For Men

‘Colossal’ shows what happens when you drink and mime

THE X-PAT FILES - Scott R. Garceau - The Philippine Star
âColossalâ shows what happens when you drink and mime

Head scratcher: Hathaway’s kaiju stirs up things in Seoul, Korea. Photo release

Blackout drinking has become a Hollywood staple lately, what with Amy Schumer showing us the downside in Trainwreck, or Emily Blunt playing a forgetful alcoholic who witnesses murder in Girl on a Train. Then, of course, there’s the Hangovermovies.
Now it’s Anne Hathaway’s turn, playing Gloria, a struggling internet writer on a downward spiral, in Colossal: she’s lost her job in NYC, is about to lose her boyfriend and apartment, and wakes up most mornings not remembering what she did during the previous evening’s tipple.
She heads back to her rural hometown to regroup, and proceeds to slip into her late-drinking ways with childhood chum Oscar (Jason Sudeikis) who now owns a bar.
When you drink so much that part of your brain shuts off and you can’t remember what you did, that’s called a blackout. The thing is, Gloria’s blackout periods have an odd effect halfway around the world: in Seoul, Korea, a massive reptilian monster starts appearing, wreaking havoc in what seems like a drunken stupor.
Mixing Goya’s “Colossus” with modern kaiju and Japanese robot elements, Spanish director and writer Nacho Vigalondo has crafted an indie parable about alcoholism, co-dependency and bullying, housed in a sci-fi comedy that gets surprisingly dark at times. Just as Gloria finds herself waking up on park benches, unaware of her activities, it becomes clear that the kaiju is echoing her actions. In one amusing scene, she notices the kaiju — a towering 400 footer — repeating her own head-scratching motion in real time as the devastation plays out on cable news.
Oscar at first seems like a sympathetic ear, or at least one handy with a beer, until it develops that her condition is related to a childhood incident between them.
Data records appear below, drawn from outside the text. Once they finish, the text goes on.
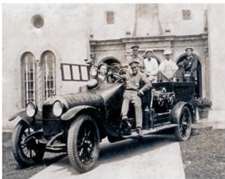
CMFD Chemical Wagon, April 1929
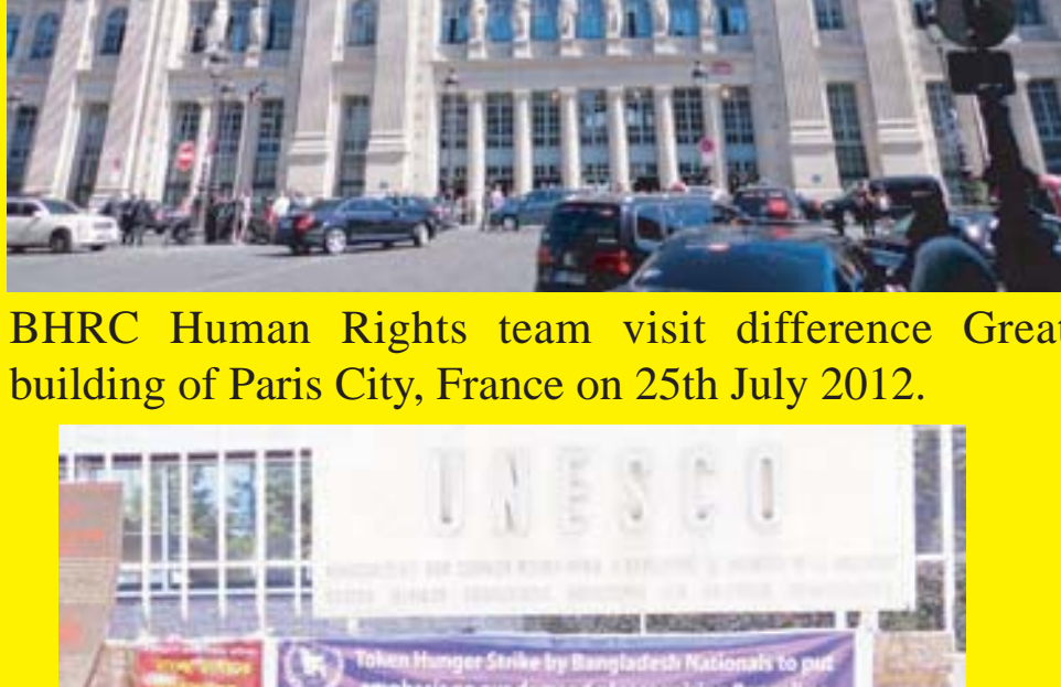
BHRC Human Rights team visit difference Great building of Paris City, France on 25th July 2012.
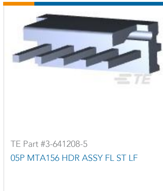
TE Part #3-641208-5 05P MTA156 HDR ASSY FL ST LF
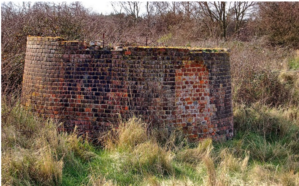
C The Old Windmill on Staithe Lane
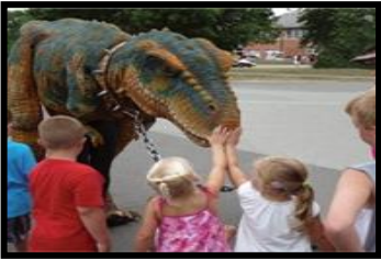
Rexie the "Live" T-Rex

Their co-dependency becomes quite literal, as Gloria tries to stop his destructive side from emerging.
There are hints of the Butterfly Effect here — our slightest actions having consequences across the world, like a butterfly’s wings causing a tsunami elsewhere — as well as shades of Pacific Rim and The Host (that ingenious Korean comedy horror flick about a mutant lizard attacking Seoul). Japanese kaiju happen to be my daughter’s current fascination, so she was pleased to see them entwined in such an offbeat story (though she thought Anne Hathaway’s kaiju face could have been more expressive).
Hathaway herself has fun playing a pathetic drunk: failing to fill up her portable air mattress each night because she’s wrecked, then waking up each morning with stiff neck; dialing up her judgy ex-boyfriend (Dan Stevens) on Facetime to try to explain the weirdness she’s unleashed, then forgetting she put him on hold when she goes to answer the doorbell. Her rock-bottom moments leave room for self-improvement, of course, even as Sudeikis’s character takes a darker turn. (Worth watching, too, is Tim Blake Nelson, injecting his usual subtle character shading as a barfly.)
There’s also a hint of Forbidden Planet, that old 1950s sci-fi (based on Shakespeare’s The Tempest, oddly) about a man whose Id, while sleeping, unleashes a powerful destructive monster. And of course, we can’t forget Goya’s “Colossus,” trampling Spanish villages in a somnambulist stride (from which the film no doubt gets its title).
All this makes Colossal a clever, interesting Charlie Kaufman-esque ride, even if the second half of the movie takes a turn away from the more serious issues it raises to descend into a score-settling brawl. That’s just how those kaiju like to roll, I guess.
Colossal is distributed by Solar Films, rated R-13.

 Jason Sudeikis and Anne Hathaway show what happens when you drink and mime in Colossal, distributed by Solar Films.